=== Extracted information ===

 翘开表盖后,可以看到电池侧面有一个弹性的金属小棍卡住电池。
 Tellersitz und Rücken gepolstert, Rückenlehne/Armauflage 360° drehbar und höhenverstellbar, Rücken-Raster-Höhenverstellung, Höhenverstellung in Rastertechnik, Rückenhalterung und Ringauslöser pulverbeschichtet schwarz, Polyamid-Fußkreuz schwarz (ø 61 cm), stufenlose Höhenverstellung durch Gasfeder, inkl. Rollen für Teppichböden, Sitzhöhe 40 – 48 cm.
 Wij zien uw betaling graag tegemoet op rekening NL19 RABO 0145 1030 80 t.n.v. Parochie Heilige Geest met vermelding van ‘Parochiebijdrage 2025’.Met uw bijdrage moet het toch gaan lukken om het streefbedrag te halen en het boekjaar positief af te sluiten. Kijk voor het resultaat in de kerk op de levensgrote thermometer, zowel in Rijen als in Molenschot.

===
=== Extracted information ===

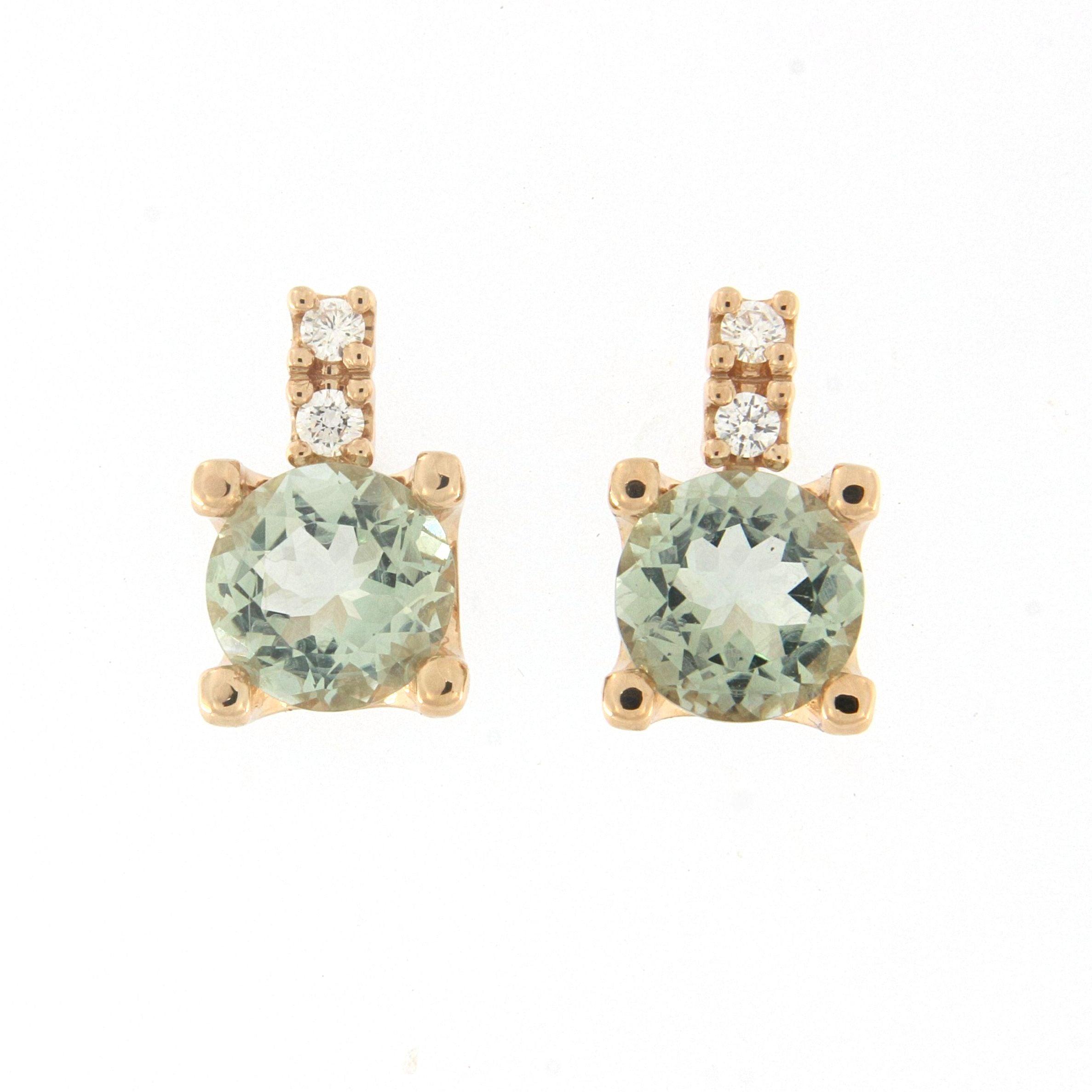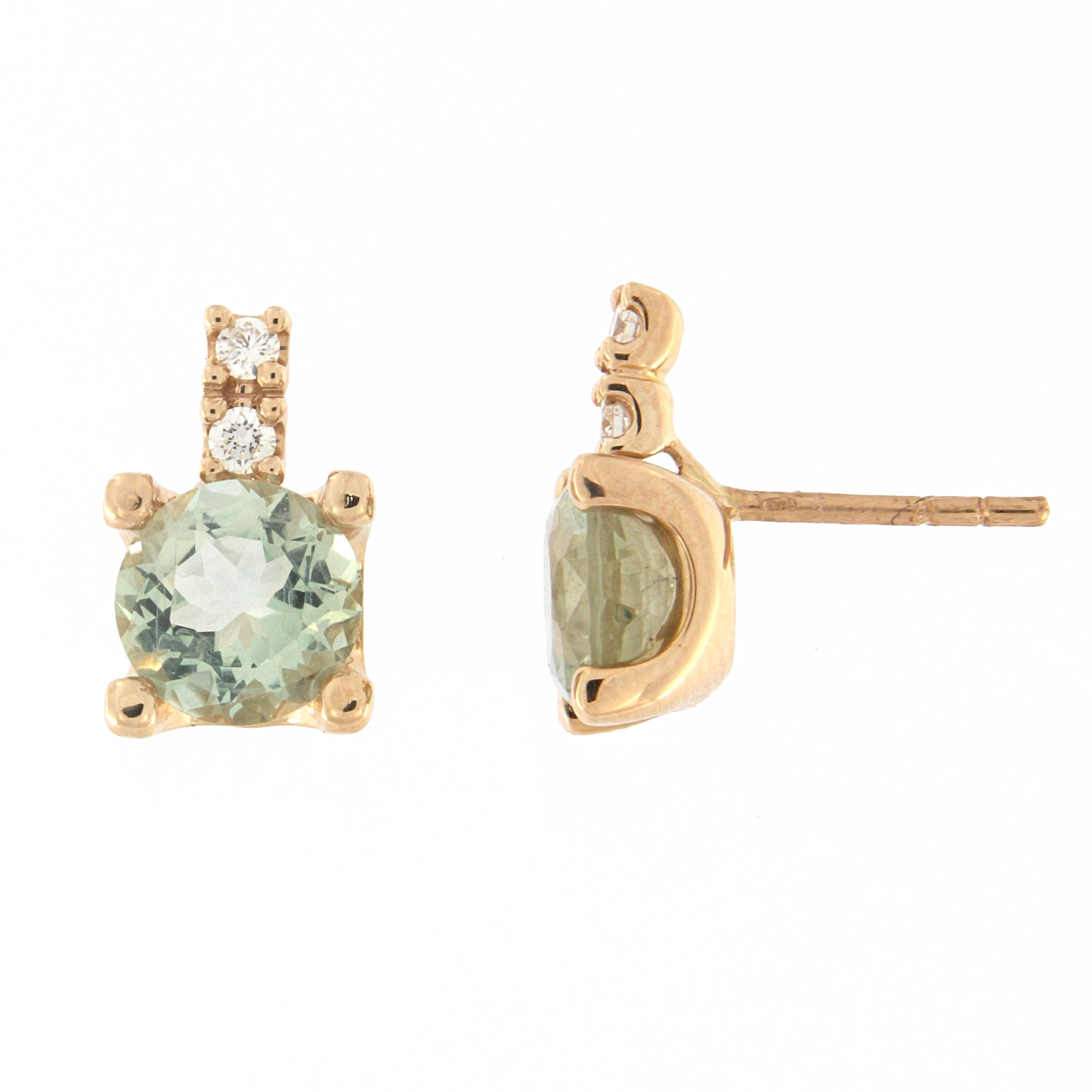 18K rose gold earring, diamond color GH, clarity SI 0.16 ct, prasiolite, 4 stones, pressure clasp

===

**Task directions**
In the entries above, one line contains "翘开表盖后,可以看到电池侧面有一个弹性的金属小棍卡住电池。" and another contains "Tellersitz und Rücken". Reproduce exactly those two lines and the lines between them, nothing else.

**Written reply**
 翘开表盖后,可以看到电池侧面有一个弹性的金属小棍卡住电池。
 Tellersitz und Rücken gepolstert, Rückenlehne/Armauflage 360° drehbar und höhenverstellbar, Rücken-Raster-Höhenverstellung, Höhenverstellung in Rastertechnik, Rückenhalterung und Ringauslöser pulverbeschichtet schwarz, Polyamid-Fußkreuz schwarz (ø 61 cm), stufenlose Höhenverstellung durch Gasfeder, inkl. Rollen für Teppichböden, Sitzhöhe 40 – 48 cm.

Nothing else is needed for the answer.